En Jesús de Nazaret, Dios se humana. La Persona de Jesús es la Persona del Verbo. Y Dios, en Cristo Nazareno, no solo rescata para la eternidad todo lo bueno de lo humano, sino que transforma lo malo, el dolor, el fracaso, las consecuencia del pecado, las injusticias ¡la muerte! en instrumentos de redención y elevación del hombre a lo divino.
Es la Resurrección y la Ascensión.
Es, también, la muerte mística y la Asunción de María.
“ Y Dios creó al hombre, varón y mujer los creó ”.
Módena, Duomo de San Giminiano, Creación de Eva
Ellos son el punto de partida de la nueva especie de los hombres divinizados, llamados a la eternidad, conjurados por el Verbo creador a la participación de la Vida del mismo Dios, más allá de toda felicidad puramente humana, más allá de toda utopía terrena, más allá de todo deseo surgido del corazón finito de los hombres.

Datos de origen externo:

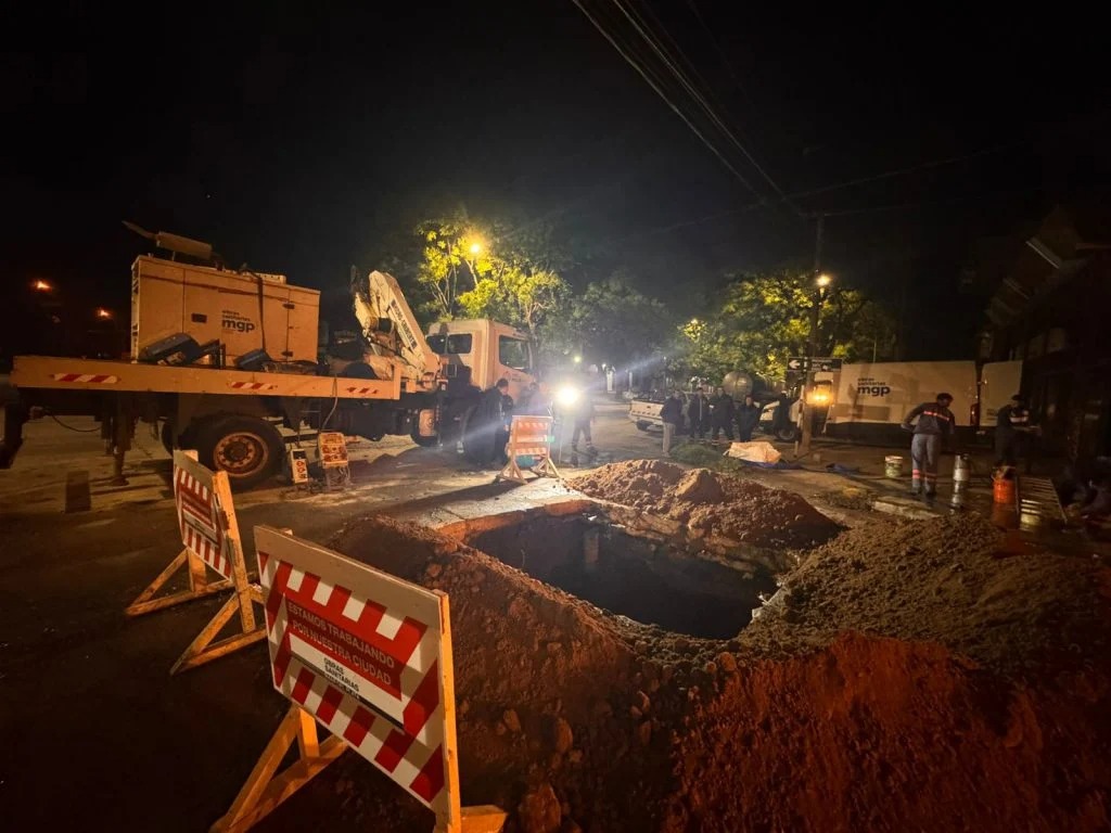 Tras varias horas de trabajo, el personal Obras Sanitarias logró cerca de la medianoche finalizar la reparación de un caño de impulsión que provocó cortes de agua en una amplia zona de Mar del Plata.
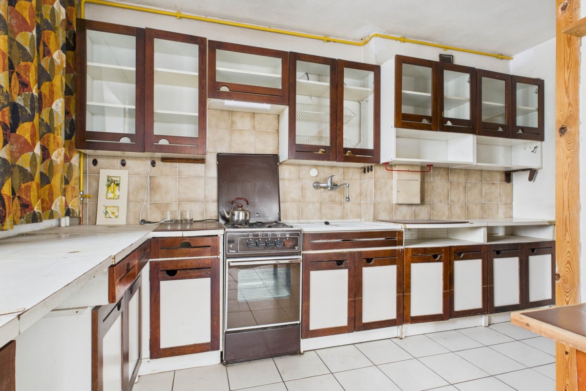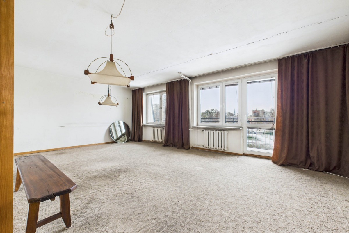 Przestronne mieszkanie o powierzchni 95 m² na trzecim piętrze budynku bez windy, zlokalizowane przy ul. Syreny 35A w Warszawie. Składa się z jasnego i dużego salonu (28 m²) otwartego na kuchnię (10m² + spiżarnia) oraz trzech sypialni (11m², 14m², 9m²), łazienki, oddzielnej toalety, 2 loggie po 8m². Mieszkanie wymaga generalnego remontu, co daje wyjątkową szansę na zaprojektowanie przestrzeni według własnych potrzeb i stylu.
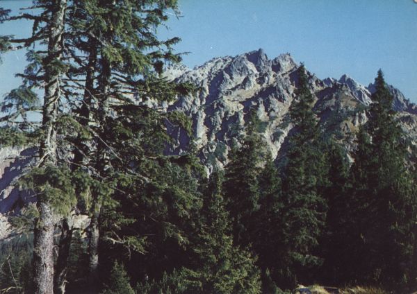VYSOKÉ TATRY - WYSOKIE TATRY - HOHE TATRA - THE HIGH TATRAS Lesné zátišie v Mengusovskej doline, v pozadí časť Popradského hrebeňa
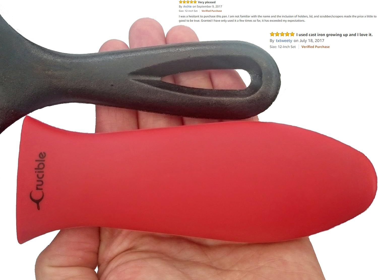 Silicone sizzling deal with holders – You possibly can have the silicone sleeve on the entire time when cooking on the range so you do not seize the forged iron by mistake.

Porque esa experiencia, vivida en plenitud definitiva e irrepetible por Jesús y por María, Cristo la ofrece a todos aquellos que aceptan libremente su palabra creadora. A ellos Cristo regala la misma Vida que comparte con el Padre, el mismo Espíritu, el Espíritu Santo.
La fuerza vital de ese Espíritu, que en Dios es también Persona, será dado a todos aquellos hombres que acepten realizarse según la imagen de Jesús y que formen su Pueblo: la Iglesia.
Y la Iglesia -el Pueblo de Dios en marcha hacia sus destinos eternos, en donde quedará definitivamente realizada- en su caminar peregrinante, no queda librada solamente al recuerdo de las palabras dichas hace dos mil años, en arameo, por Jesús.
La Iglesia apostólica se apresura, sí, a poner por escrito el recuerdo de las palabras y acciones de Jesús, interpretadas ya a la luz de Pentecostés. Y servirán siempre esos escritos sagrados como referencias fundantes del actuar y predicar de la Iglesia.
Pero Jesús quiso dejar mucho más que un pergamino. Quiso dejar una voz viviente y elocuente que, leyendo la experiencia apostólica, la custodiara, tradujera y adaptara a todos los hombres, a todos los tiempos y lugares. Además de las palabras escritas en el Libro, el Señor ha regalado a la Iglesia una voz que las hace resonar inconmovibles en todos los idiomas, en todas las épocas, en las circunstancias y problemas nuevos de la historia, en la calidez y el sonido de la garganta humana.
Pero ¿cómo podría pedirnos Jesús que creyéramos a esas voces de su Iglesia –“ el que a vosotros escucha a mi me escucha ”- si, en los asuntos fundamentales -los que atañen a la Vida eterna y cómo alcanzarla- ella pudiera equivocarse?
El Verbo, la Palabra, seguirá repicando en el mundo hasta el fin de los tiempos, fundada en Cristo, entendida por los Apóstoles, cristalizada en Escritura, viva en la Tradición y mantenida en su recto sentido, en la solidez de la Roca y en la chispa de la Piedra.
Esa piedra en la cual Cristo había transformado a Simón, el hijo de Jonás y a quien ahora confía el pastoreo de sus ovejas.
Papel de piedra y de roca que habrán de asumir, en la historia de la Iglesia, tantos hombres, con sus flaquezas y sus virtudes, con sus talentos y sus limitaciones, pero siempre sosteniendo en la mano, aún pecadora, la antorcha de la verdad y el fuego de la gracia.
Recemos por ellos.
Que el marco fastuoso con que lo rodea la veneración de los cristianos, no nos haga olvidar al hombre débil que debe soportar el peso de tamaña responsabilidad, en la soledad obligada de los grandes cargos, en el peligro de los atentados, en la penosa atadura de un oficio en donde es permanentemente observado y, actualmente, en circunstancias terribles eclesiales y mundiales, en donde es tan difícil ver claro y se juegan tantas cosas hacia imprevisibles futuros.
Que Dios ilumine a Juan Pablo II para que sepa conducirnos en estos duros momentos a los pastos sabrosos de la eternidad.